A polygenic stacking classifier revealed the complicated platelet transcriptomic landscape of adult immune thrombocytopenia.

作者信息

Xu Chengfeng, Zhang Ruochi, Duan Meiyu, Zhou Yongming, Bao Jizhang, Lu Hao, Wang Jie, Hu Minghui, Hu Zhaoyang, Zhou Fengfeng, Zhu Wenwei

机构信息

Department of Hematology, Yueyang Hospital of Integrated Traditional Chinese and Western Medicine, Shanghai University of Traditional Chinese Medicine, 110 Ganhe Road, Hongkou District, Shanghai 200437, China.

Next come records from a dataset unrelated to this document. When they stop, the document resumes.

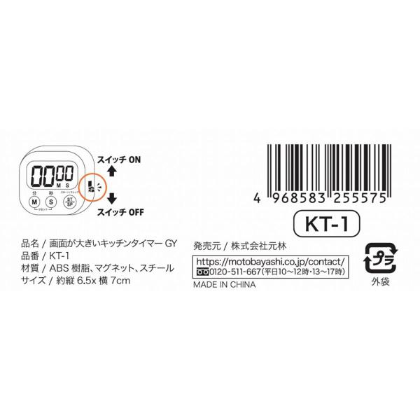 画面(約縦29×横55mm)が大きくて見やすい。フック穴・スタンド・マグネット付き。単4電池1個(別売)【材質】ABS樹脂、マグネット、スチール【JAN】4968583255575【パッケージサイズ】95×135×3mm【関連キーワード】キッチンタイマー/キッチン/タイマー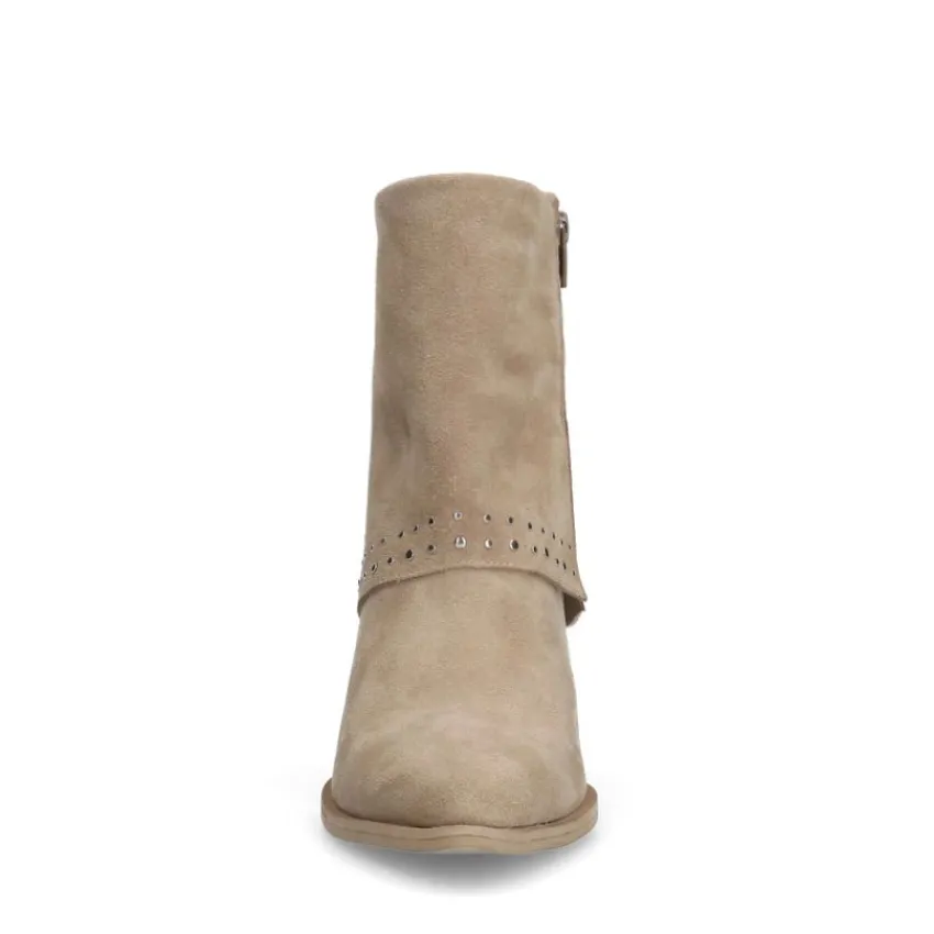 Beige suède overslaglaars met gouden studs van Manfield. De laars heeft een hak van 6 cm en puntige neus. We adviseren als verzorging en bescherming de suède/nubuck spray in transparant.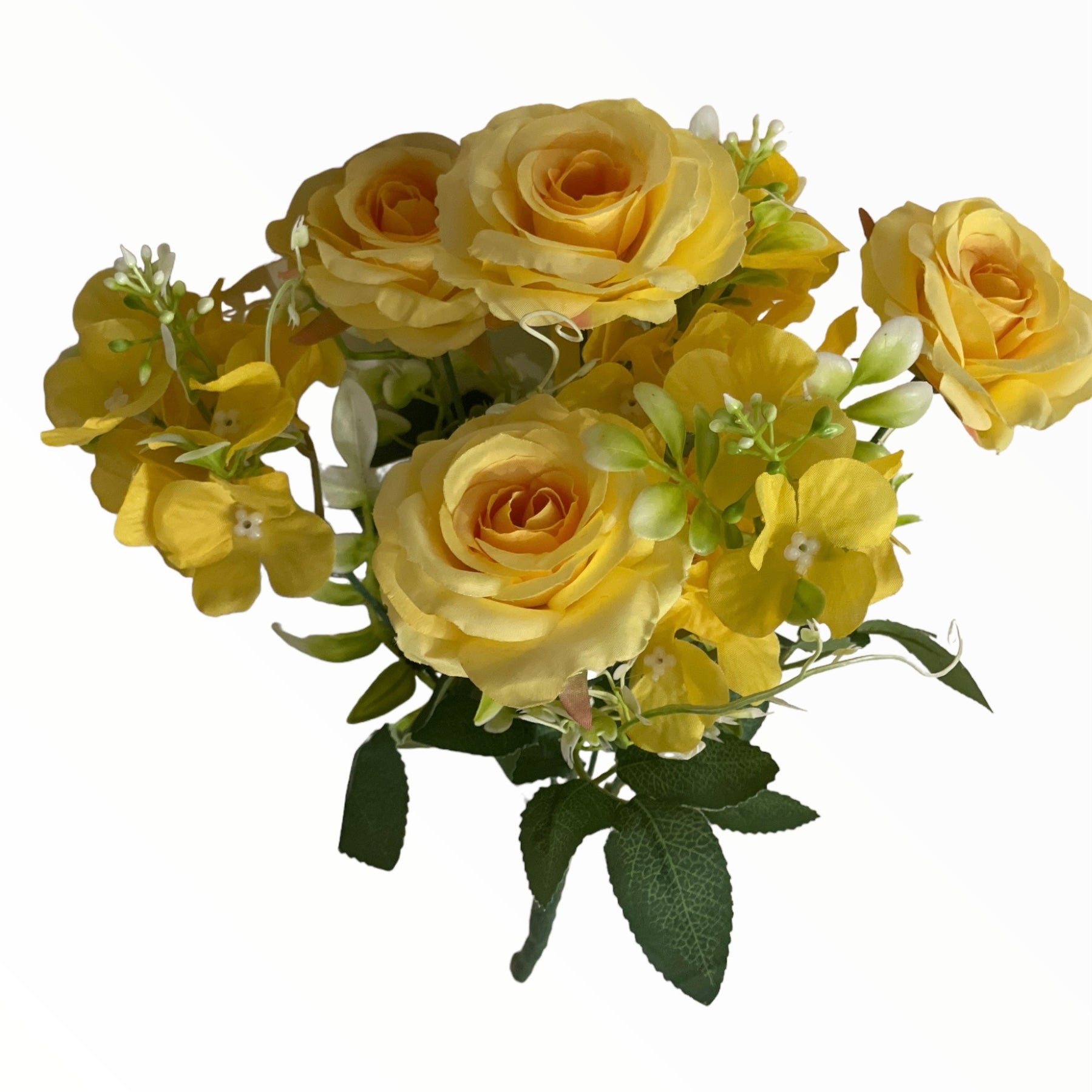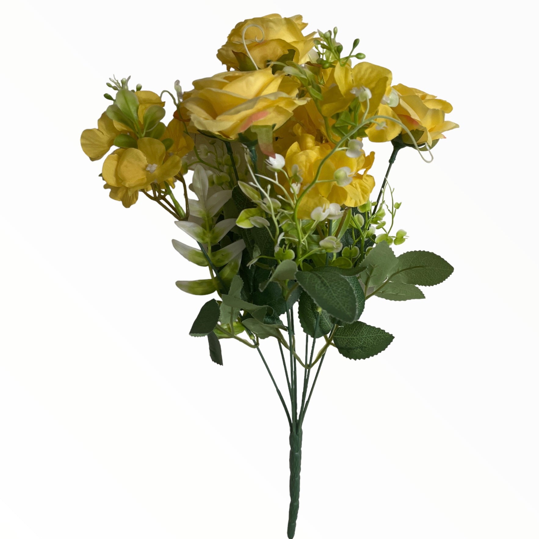 Este un produs elegant și rafinat care se îmbină perfect cu ambientul. Florile sunt artificiale din material textil si plastic și tijele sunt din plastic cu metal în interior.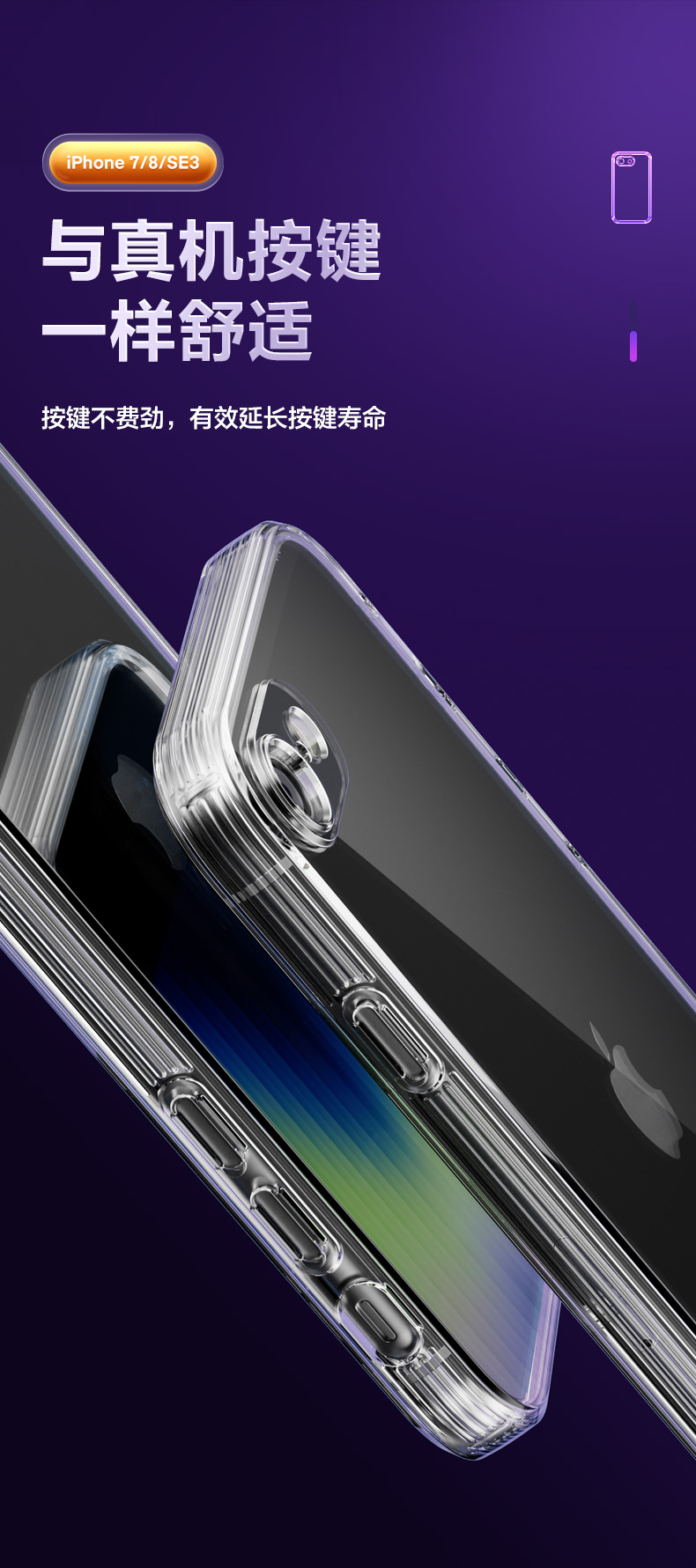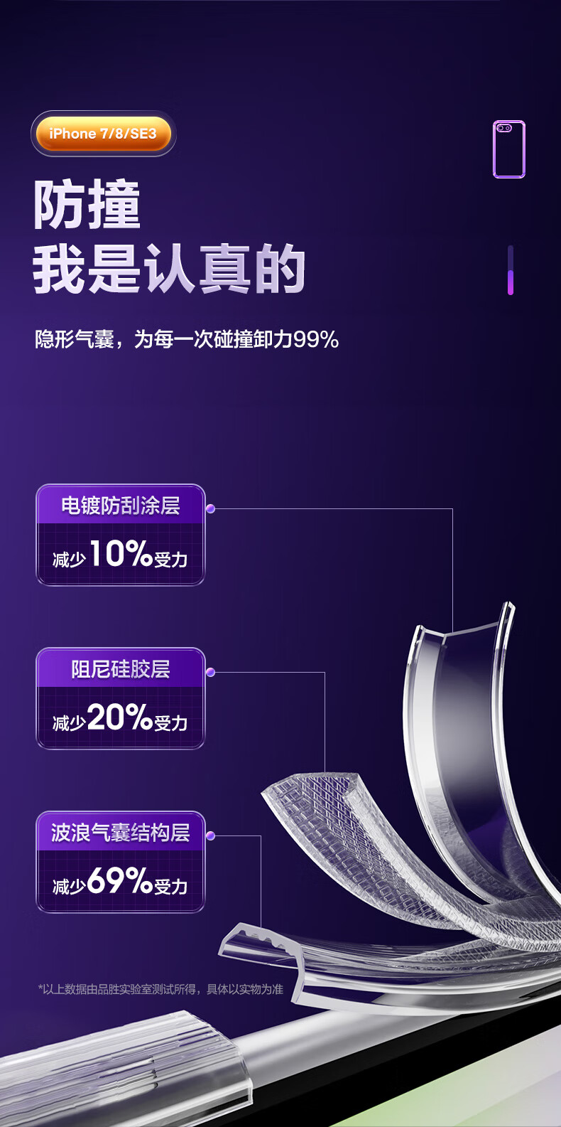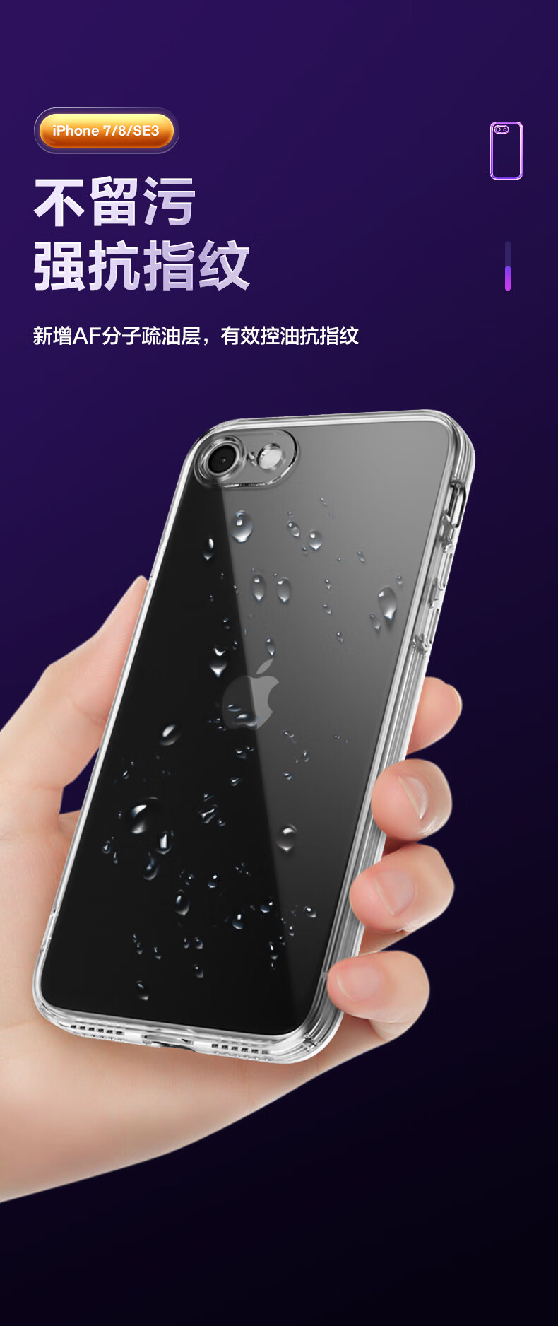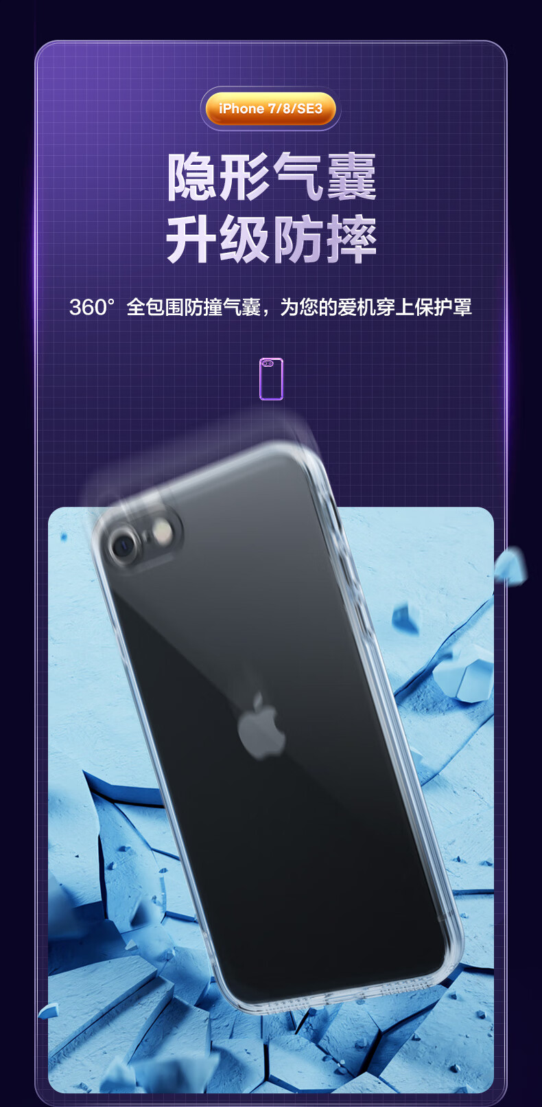 品胜 适用苹果SE3/8/7手机壳 防摔保护壳iphone se3/8/7保护套防摔抗指纹手机套软壳 透明

College of Computer Science and Technology, Key Laboratory of Symbolic Computation and Knowledge Engineering of Ministry of Education, Jilin University, Changchun, Jilin 130012, China.

出版信息

Mol Ther Nucleic Acids. 2022 Apr 6;28:477-487. doi: 10.1016/j.omtn.2022.04.004. eCollection 2022 Jun 14.

Abstract

Immune thrombocytopenia (ITP) is an autoimmune disease with the typical symptom of a low platelet count in blood. ITP demonstrated age and sex biases in both occurrences and prognosis, and adult ITP was mainly induced by the living environments. The current diagnosis guideline lacks the integration of molecular heterogenicity. This study recruited the largest cohort of platelet transcriptome samples. A comprehensive procedure of feature selection, feature engineering, and stacking classification was carried out to detect the ITP biomarkers using RNA sequencing (RNA-seq) transcriptomes. The 40 detected biomarkers were loaded to train the final ITP detection model, with an overall accuracy 0.974. The biomarkers suggested that ITP onset may be associated with various transcribed components, including protein-coding genes, long intergenic non-coding RNA (lincRNA) genes, and pseudogenes with apparent transcriptions. The delivered ITP detection model may also be utilized as a complementary ITP diagnosis tool. The code and the example dataset is freely available on http://www.healthinformaticslab.org/supp/resources.php.

摘要

免疫性血小板减少症(ITP)是一种自身免疫性疾病,典型症状是血液中血小板计数低。ITP在发病率和预后方面均表现出年龄和性别差异,成人ITP主要由生活环境诱发。当前的诊断指南缺乏对分子异质性的整合。本研究收集了最大规模的血小板转录组样本队列。通过RNA测序(RNA-seq)转录组,开展了特征选择、特征工程和堆叠分类的综合流程来检测ITP生物标志物。将检测到的40种生物标志物用于训练最终的ITP检测模型,总体准确率为0.974。这些生物标志物表明,ITP的发病可能与多种转录成分有关,包括蛋白质编码基因、长链基因间非编码RNA(lincRNA)基因和具有明显转录的假基因。所提供的ITP检测模型也可作为ITP诊断的补充工具。代码和示例数据集可在http://www.healthinformaticslab.org/supp/resources.php上免费获取。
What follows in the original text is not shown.